_Work instruction_
Beginning with the line that holds "Примечательно, что провал", copy each line exactly through the end of the entries, but leave the pictures out.

[Data extracted from a collection]

***

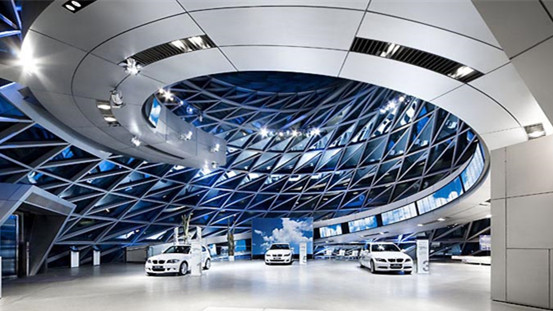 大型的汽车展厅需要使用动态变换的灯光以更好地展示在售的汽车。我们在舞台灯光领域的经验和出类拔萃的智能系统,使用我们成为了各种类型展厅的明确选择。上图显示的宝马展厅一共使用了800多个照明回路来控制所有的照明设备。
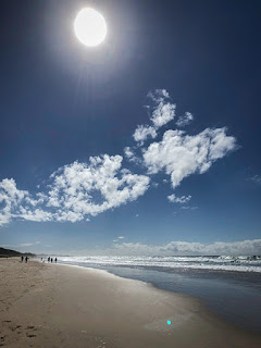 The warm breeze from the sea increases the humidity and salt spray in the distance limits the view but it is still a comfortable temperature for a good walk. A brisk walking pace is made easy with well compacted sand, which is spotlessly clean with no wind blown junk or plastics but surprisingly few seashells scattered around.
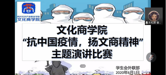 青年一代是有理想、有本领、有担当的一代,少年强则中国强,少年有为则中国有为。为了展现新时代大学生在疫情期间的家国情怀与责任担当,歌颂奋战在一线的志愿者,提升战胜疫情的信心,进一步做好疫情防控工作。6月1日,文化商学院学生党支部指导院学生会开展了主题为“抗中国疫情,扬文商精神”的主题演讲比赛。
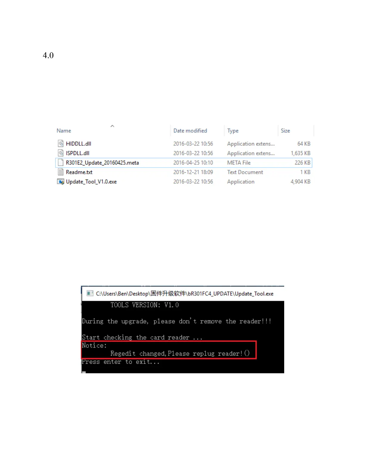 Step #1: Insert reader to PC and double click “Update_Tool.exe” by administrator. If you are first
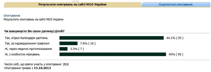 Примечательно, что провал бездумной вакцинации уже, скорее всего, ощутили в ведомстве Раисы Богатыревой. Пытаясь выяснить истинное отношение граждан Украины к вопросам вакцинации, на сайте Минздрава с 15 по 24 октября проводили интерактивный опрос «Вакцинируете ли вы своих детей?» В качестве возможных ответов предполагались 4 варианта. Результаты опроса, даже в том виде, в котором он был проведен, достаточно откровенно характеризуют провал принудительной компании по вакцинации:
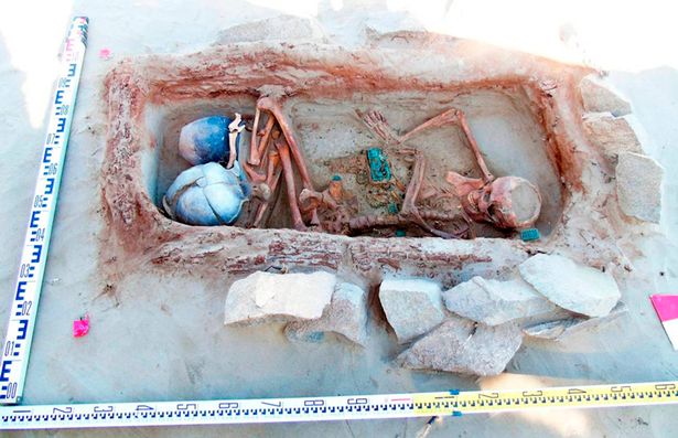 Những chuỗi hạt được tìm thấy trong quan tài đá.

***

_Problem solution_
 Примечательно, что провал бездумной вакцинации уже, скорее всего, ощутили в ведомстве Раисы Богатыревой. Пытаясь выяснить истинное отношение граждан Украины к вопросам вакцинации, на сайте Минздрава с 15 по 24 октября проводили интерактивный опрос «Вакцинируете ли вы своих детей?» В качестве возможных ответов предполагались 4 варианта. Результаты опроса, даже в том виде, в котором он был проведен, достаточно откровенно характеризуют провал принудительной компании по вакцинации:
 Những chuỗi hạt được tìm thấy trong quan tài đá.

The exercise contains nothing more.